Question

law of cosines
△def is an isosceles triangle with base angles e and f.
what is the angle measure of the smallest angle in the triangle?
approximate to the nearest degree.
20 × degrees
what are the measures of the two congruent base angles?
80 × degrees

Explanation:

Step1: Identify the triangle sides

In isosceles \(\triangle DEF\), \(DE = DF = 12\) (the equal sides), and \(EF = 3\) (the base). Let's denote the vertex angle (at \(D\)) as \(\alpha\) and the base angles (at \(E\) and \(F\)) as \(\beta\) (since \(E\) and \(F\) are congruent).
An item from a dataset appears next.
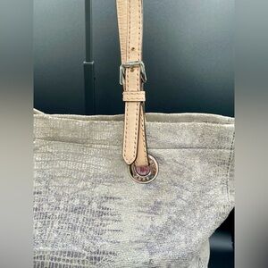 MICHAEL KORS Gray Snakeskin Tote Shoulder Bag.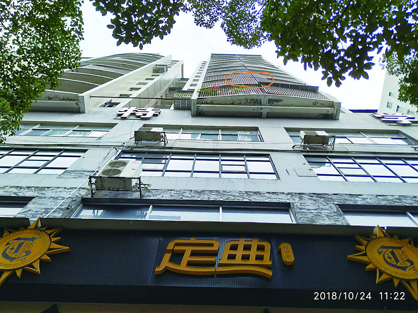 砸中彭华的水泥块,位于佳和大厦北面西侧六楼与七楼之间,上下共有4户住宅。

Step2: Apply the Law of Cosines to find the vertex angle \(\alpha\)

The Law of Cosines states that for a triangle with sides \(a\), \(b\), \(c\) and opposite angle \(C\), \(c^{2}=a^{2}+b^{2}-2ab\cos(C)\). For \(\triangle DEF\), to find \(\alpha\) (opposite side \(EF = 3\)), we have:
\[
EF^{2}=DE^{2}+DF^{2}-2\cdot DE\cdot DF\cdot\cos(\alpha)
\]
Substitute \(EF = 3\), \(DE = 12\), \(DF = 12\):
\[
3^{2}=12^{2}+12^{2}-2\cdot12\cdot12\cdot\cos(\alpha)
\]
\[
9 = 144 + 144-288\cos(\alpha)
\]
\[
9=288 - 288\cos(\alpha)
\]
Subtract 288 from both sides:
\[
9 - 288=- 288\cos(\alpha)
\]
\[
-279=-288\cos(\alpha)
\]
Divide both sides by \(- 288\):
\[
\cos(\alpha)=\frac{279}{288}\approx0.96875
\]
Then \(\alpha=\arccos(0.96875)\approx14^{\circ}\) (using a calculator to find the arccosine).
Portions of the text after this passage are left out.